The formula you now allude to is now effectively trial dividing every

number, including all composites, to its square root in order to see

if it's prime, with _no_ early abort if you find a factor.

This is still crazier than the trial-division method with an instant abort,

which is still slower than any other method sensibly proposed in the last

200 years.

> On the other hand see you this relatively fast

No I don't.
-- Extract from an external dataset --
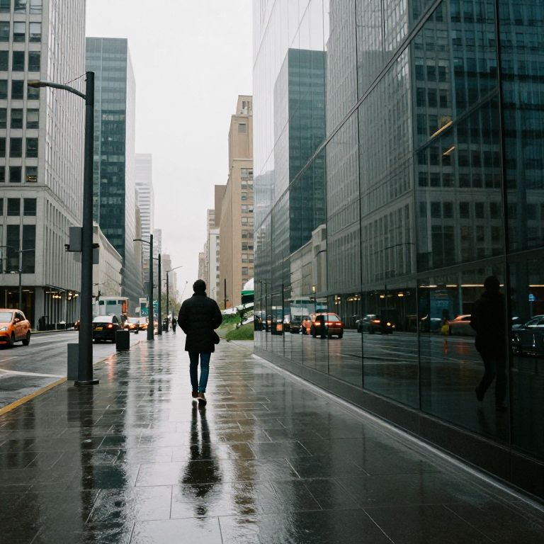 In a city where mirrored skyscrapers hold infinite reflections, the stillness of the wet pavement mirrors not just the buildings above, but the quiet solitude of souls navigating parallel worlds, each step echoing the weight of unseen burdens and unspoken dreams.

I see an _incredibly slow_ Mathematica program.

> Mathematica program to calculate the prime numbers

<<<

In[9]:= p=100000

Out[9]= 100000

In[10]:= While[p < 100100,

{n = Floor[N[1.045 + NIntegrate[1/Log[x], {x, 2, p}], 15]];

A = Floor[(n + 1)*Log[n + 1] + (n + 1)*(Log[Log[n+ 1]] - 0.9385)];

T = G[A]; m = A - 1; B = Timing[While[m > p, (T =(T + 1)*G[m]; m--)]];

k = p; p = p + 1 + T;

Print["NXT(", k, ")=", p, " ", PrimeQ[p], " ",B]}]

NXT(100000)=100003 True {1.42 Second, Null}

NXT(100003)=100019 True {1.33 Second, Null}

NXT(100019)=100043 True {1.32 Second, Null}

NXT(100043)=100049 True {1.32 Second, Null}

Interrupt> a

Out[10]= $Aborted

In[11]:= p=1000000

Out[11]= 1000000

In[12]:= While[p < 1000100,

{n = Floor[N[1.045 + NIntegrate[1/Log[x], {x, 2, p}], 15]];

A = Floor[(n + 1)*Log[n + 1] + (n + 1)*(Log[Log[n+ 1]] - 0.9385)];

T = G[A]; m = A - 1; B = Timing[While[m > p, (T =(T + 1)*G[m]; m--)]];

k = p; p = p + 1 + T;

Print["NXT(", k, ")=", p, " ", PrimeQ[p], " ",B]}]

NXT(1000000)=1000003 True {19.01 Second, Null}

NXT(1000003)=1000033 True {18.96 Second, Null}

NXT(1000003)=1000033 True {18.96 Second, Null}

NXT(1000033)=1000037 True {18.94 Second, Null}>>>

Notice the time of day in the following Pari/GP prompts, and the size of the

arguments I'm giving it.

<<<

(15:35) gp > isprime(nextprime(10^200))

%17 = 1

(15:35) gp > isprime(nextprime(10^210))

%18 = 1

(15:35) gp > isprime(nextprime(10^220))

%19 = 1

(15:35) gp > isprime(nextprime(10^230))

%20 = 1

(15:35) gp > isprime(nextprime(10^240))

%21 = 1

(15:36) gp > isprime(nextprime(10^250))

%22 = 1

(15:36) gp > isprime(nextprime(10^260))

%23 = 1

(15:36) gp > isprime(nextprime(10^270))

%24 = 1

(15:36) gp > isprime(nextprime(10^280))

%25 = 1

(15:36) gp > isprime(nextprime(10^290))

%26 = 1>>>

To suggest that the Mathematica program is a fast program is the same

as suggesting that everyone should be using Turing Machines for speed.

I don't buy it, personally.

Phil

=====

First rule of Factor Club - you do not talk about Factor Club.

Second rule of Factor Club - you DO NOT talk about Factor Club.

Third rule of Factor Club - when the cofactor is prime, or you've trial-

divided up to the square root of the number, the factoring is over.